Forty-two nonunion commercial airline pilots appeal a judgment of the district court, entered after a bench trial, in favor of the Air Line Pilots Association, which is a union representing pilots employed by various airlines. The district court held that the Association need not rebate the portion of the pilots’ agency fees the Association spent to support strikes at airlines that did not employ the objecting pilots or the portion of the fees that the Association allocated to a contingency fund for support of future strikes. The district court also held that the Association’s current procedure for making rebates to the pilots, adopted after the decision of Chicago Teachers Union, Local No. 1 v. Hudson, 475 U.S. 292, 106 S.Ct. 1066, 89 L.Ed.2d 232 (1986), satisfied the requirements explained in that case and that the procedure used before Hudson was decided substantially complied with the requirements. We affirm on both issues.

I

Section 2 Eleventh of the Railway Labor Act, 45 U.S.C. § 152 Eleventh, which is applicable to airlines, permits employers and unions to execute bargaining agreements requiring employees to become union members. The Supreme Court sustained the constitutionality of section 2 Eleventh under the commerce clause. Railway Employees’Dep’t v. Hanson, 351 U.S. 225, 76 S.Ct. 714, 100 L.Ed. 1112 (1956). Nevertheless, the Court has consistently held that a union cannot exact funds from a nonmember to spend for purposes that would infringe nonmembers’ constitutional rights. In International Association of Machinists v. Street, 367 U.S. 740, 81 S.Ct. 1784, 6 L.Ed.2d 1141 (1961), the Court construed the statute to allow employees to elect not to join the union, or to resign, and to pay agency fees to the union in lieu of dues. In Street and subsequent cases, the Court drew a line between two categories of expenditures, those germane to collective bargaining and those which would infringe a nonmember’s rights. It recognized that Congress enacted the statute to eliminate “free-riders— employees in the bargaining unit on whose behalf the union was obliged to perform its statutory functions, but who refused to contribute to the cost thereof.” Ellis v. Brotherhood of Ry., Airline & S.S. Clerks, 466 U.S. 435, 447, 104 S.Ct. 1883, 1892, 80 L.Ed.2d 428 (1984). In Ellis, the Court explained what portion of the nonmembers’ agency fees a union could retain and what portion it must rebate.
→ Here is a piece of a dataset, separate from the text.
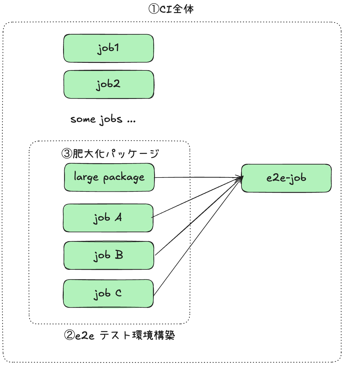CIでの改善は前述のローカル開発環境の改善と比較すると改善量はやや少なくなります。これはCIで複数のジョブが稼働しており今回の改善の影響をあまり受けないジョブもあるからです。(後述の図参照)

The Court prescribed the following test:

... [W]hen employees such as petitioners object to being burdened with particular union expenditures, the test must be whether the challenged expenditures are necessarily or reasonably incurred for the purpose of performing the duties of an exclusive representative of the employees in dealing with the employers on labor-management issues. Under this standard, objecting employees may be compelled to pay their fair share of not only the direct costs of negotiating and administering a collective bargaining contract and of settling grievances and disputes, but also the expenses of activities or undertakings normally or reasonably employed to implement or effectuate the duties of the union as exclusive repre[157]*157sentative of the employees in the bargaining unit.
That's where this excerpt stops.